- [EXERCISE REQUIREMENTS]
Print nothing except the line holding "Benehmen wird erwartet." and the lines that come after it in the material below, and leave the pictures out.

- [RECORDS PROVIDED]
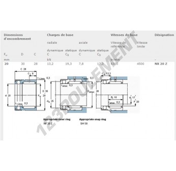 Le Roulement à Aiguilles, connu sous la référence NX20-Z-SKF, de la marque SKF, possède un diamètre intérieur de 20mm, un diamètre extérieur de 30mm et une épaisseur de 28mm.
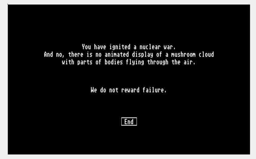The game would be serious, it would be very educational, and I think it would grab a great deal of attention. It would not be action packed, but I think that the launching of Armageddon would be far more wrenching in this game than missile command ever was.
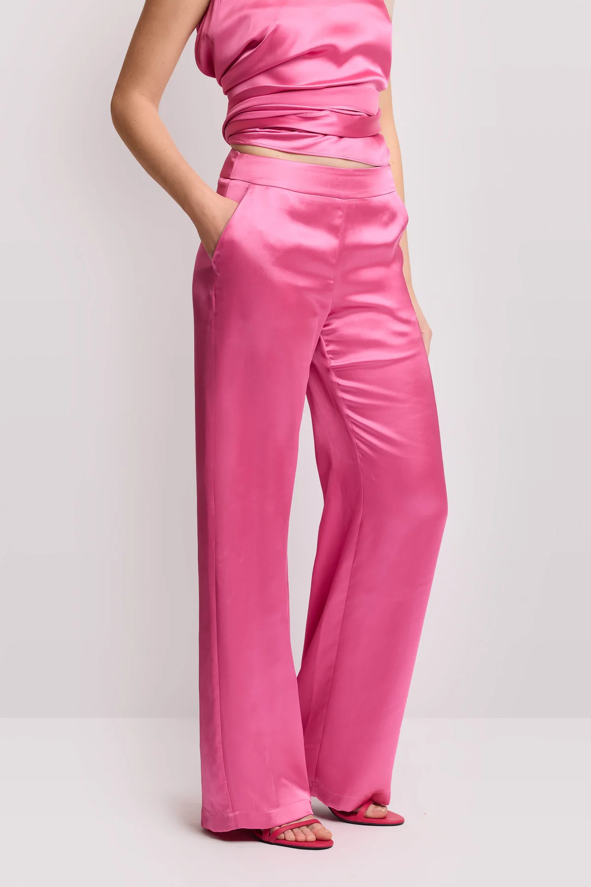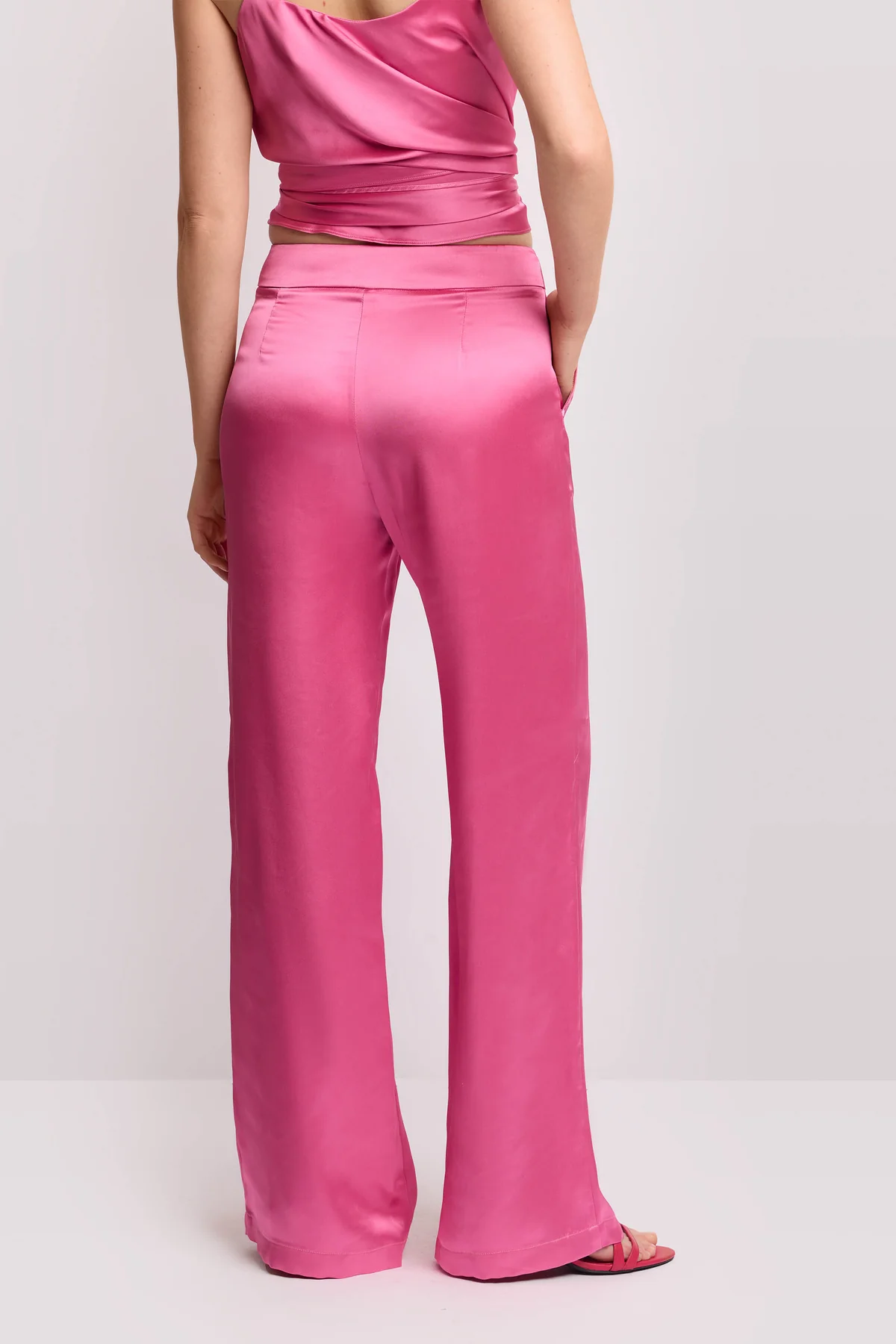 Vita alta definita da una fascia piatta sartoriale, arricchita da tasche laterali inserite nel fianco
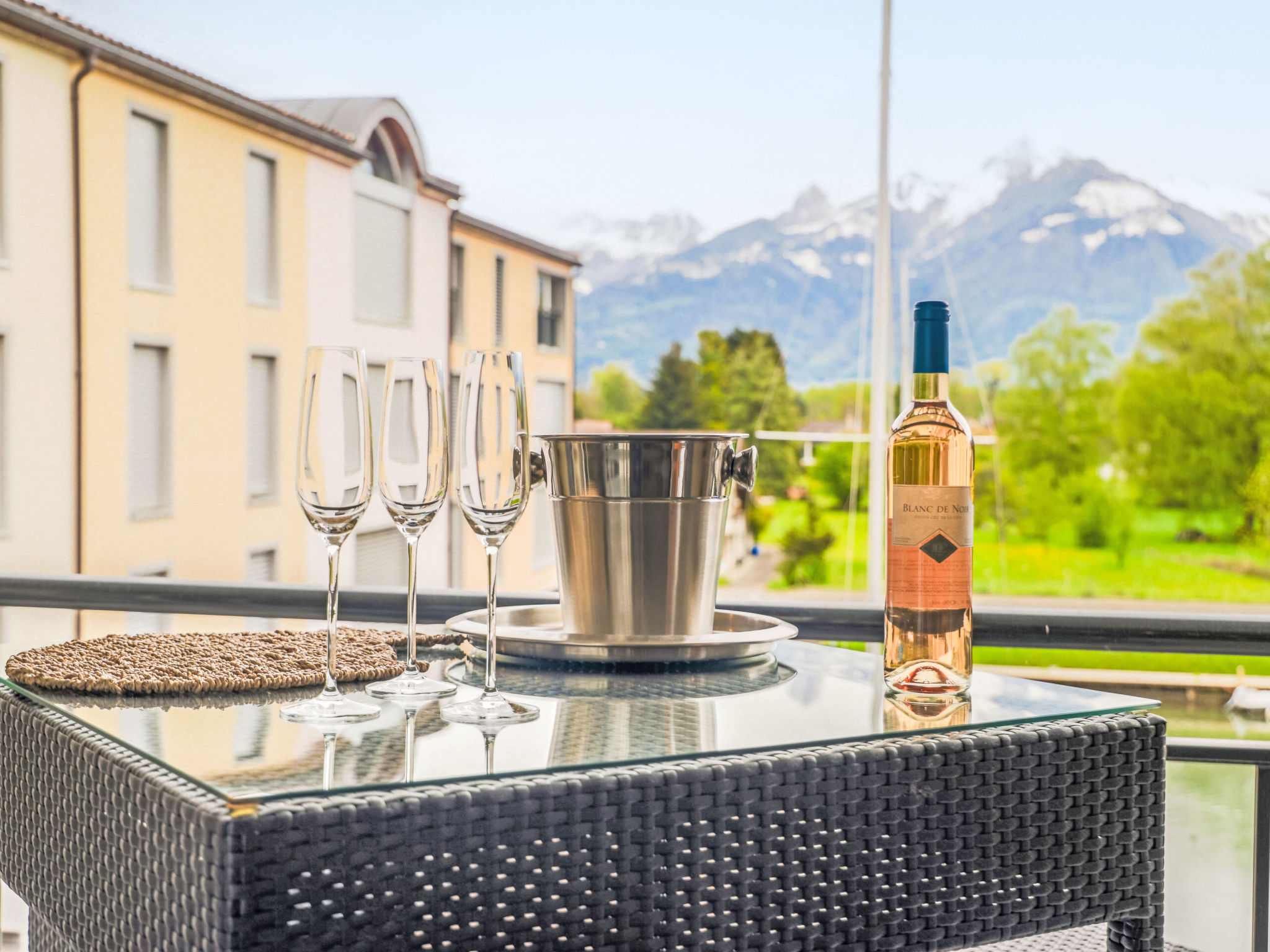 Grosse Ferienanlage "Residenz Marina". Am Ortsrand, 300 m vom Zentrum von Le Bouveret, ruhige, sonnige Lage, 200 m vom See, 50 m vom Kanal. Im Hause: Zentralheizung. Einkaufsgeschäft, Lebensmittelgeschäft 800 m, Restaurant, Bäckerei 500 m, Fahrradverleih 190 m, Bushaltestelle "Bouveret village" 1.2 km, Bahnstation "Le Bouveret" 300 m, Kieselstrand 200 m, Freibad 300 m, Hallenbad 7.2 km, Thermalbad 30 km, Strandbad 300 m, Badesee "Léman" 300 m. Sporthafen 200 m, Golfplatz (18 Loch) 15 km, Surfschule 200 m, Tennis, Minigolf 12 km, Wanderwege ab Haus 300 m, Bergeisenbahn 15 km, Skipisten 18 km, Skischule 18 km, Kinderskischule 35 km, Schlittelbahn 29 km, Langlaufloipe 35 km, Eisfeld 18 km. Nahe gelegene Sehenswürdigkeiten: Parc Aventure 17 km, Château Chillon / Fort de Chillon, Swiss Vapeur Parc 100 m, Aqua Parc 500 m. Bekannte Skigebiete sind gut erreichbar: Les Portes du Soleil 18 km, Villars 35 km, Leysin 31 km. Bekannte Seen in der Umgebung sind gut erreichbar: Lac Léman. Wandergebiete: Portes du Soleil. Die Schlüsselübergabe findet bei der Agentur Interhome in Bouveret statt. Die Nachbarschaft ist sehr lärmempfindlich. Ruhe und gutes Benehmen wird erwartet.
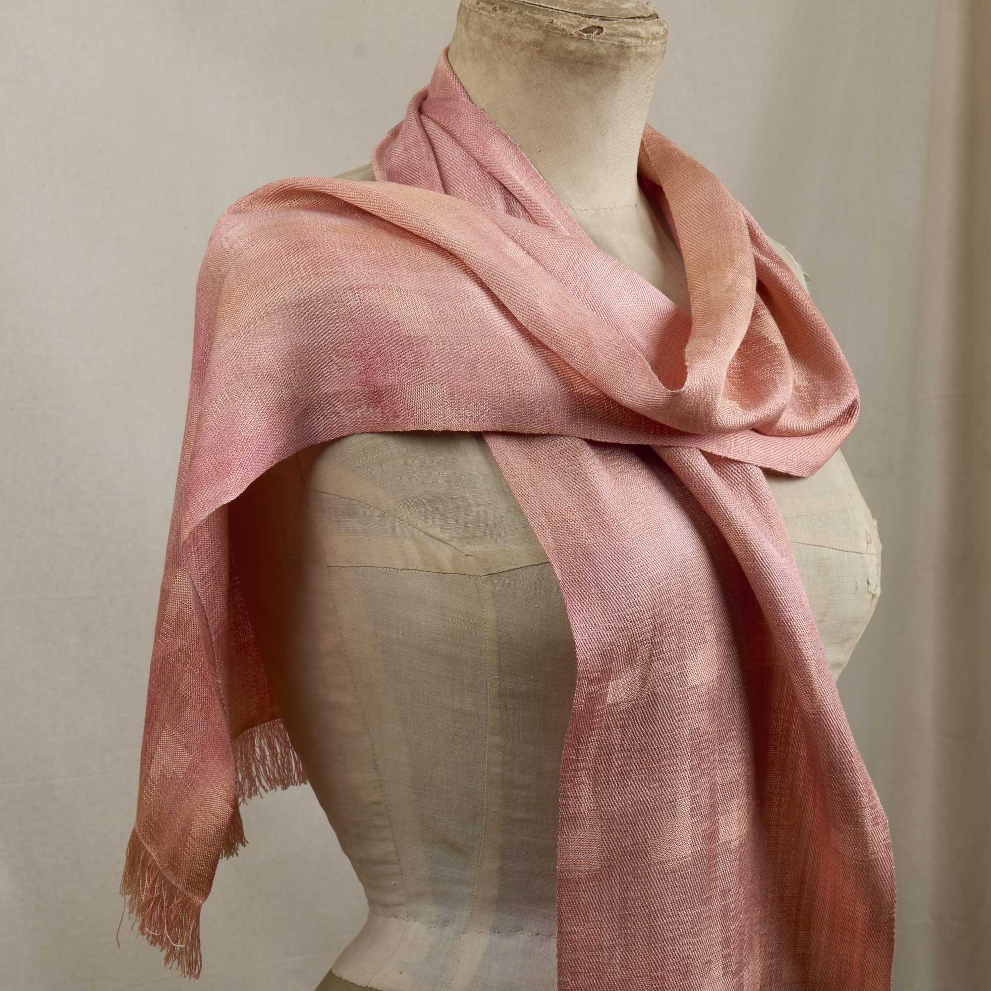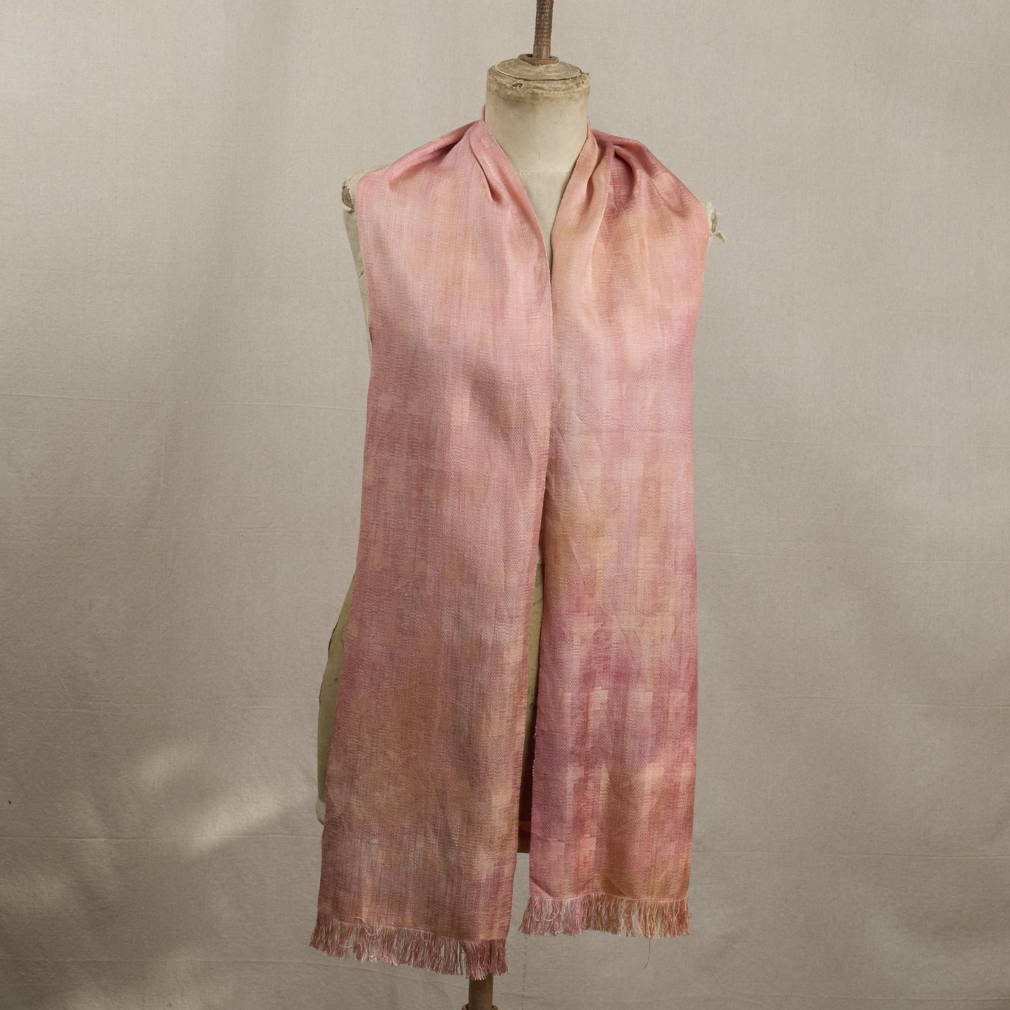A soft, luminous silk scarf inspired by the early light over Glasgow. Hand dyed in warm coral and blush tones, and woven using a subtle damask structure, it captures the quiet glow of sunrise across the city.
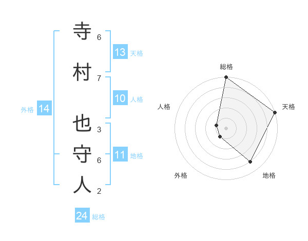 寺村 也守人さんの総格は24画の5点!
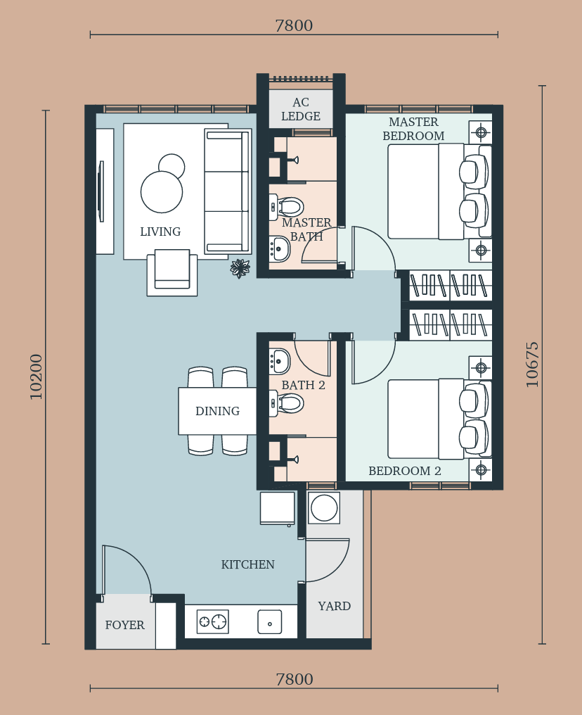 - Type B: 2 Rooms, 2 Baths (775 sqft) – Perfect entry for young professionals and couples.
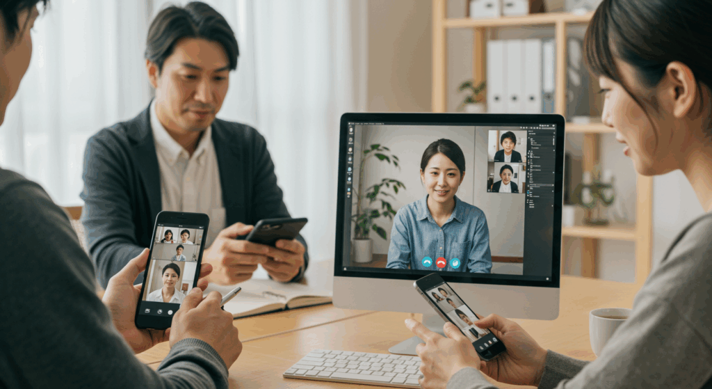TV会議を使えば、自宅のスマホ・PCで会議に参加(無料で100名、60分)参加できます。

- [WORKED SOLUTION]
 Grosse Ferienanlage "Residenz Marina". Am Ortsrand, 300 m vom Zentrum von Le Bouveret, ruhige, sonnige Lage, 200 m vom See, 50 m vom Kanal. Im Hause: Zentralheizung. Einkaufsgeschäft, Lebensmittelgeschäft 800 m, Restaurant, Bäckerei 500 m, Fahrradverleih 190 m, Bushaltestelle "Bouveret village" 1.2 km, Bahnstation "Le Bouveret" 300 m, Kieselstrand 200 m, Freibad 300 m, Hallenbad 7.2 km, Thermalbad 30 km, Strandbad 300 m, Badesee "Léman" 300 m. Sporthafen 200 m, Golfplatz (18 Loch) 15 km, Surfschule 200 m, Tennis, Minigolf 12 km, Wanderwege ab Haus 300 m, Bergeisenbahn 15 km, Skipisten 18 km, Skischule 18 km, Kinderskischule 35 km, Schlittelbahn 29 km, Langlaufloipe 35 km, Eisfeld 18 km. Nahe gelegene Sehenswürdigkeiten: Parc Aventure 17 km, Château Chillon / Fort de Chillon, Swiss Vapeur Parc 100 m, Aqua Parc 500 m. Bekannte Skigebiete sind gut erreichbar: Les Portes du Soleil 18 km, Villars 35 km, Leysin 31 km. Bekannte Seen in der Umgebung sind gut erreichbar: Lac Léman. Wandergebiete: Portes du Soleil. Die Schlüsselübergabe findet bei der Agentur Interhome in Bouveret statt. Die Nachbarschaft ist sehr lärmempfindlich. Ruhe und gutes Benehmen wird erwartet.
A soft, luminous silk scarf inspired by the early light over Glasgow. Hand dyed in warm coral and blush tones, and woven using a subtle damask structure, it captures the quiet glow of sunrise across the city.
 寺村 也守人さんの総格は24画の5点!
 - Type B: 2 Rooms, 2 Baths (775 sqft) – Perfect entry for young professionals and couples.
TV会議を使えば、自宅のスマホ・PCで会議に参加(無料で100名、60分)参加できます。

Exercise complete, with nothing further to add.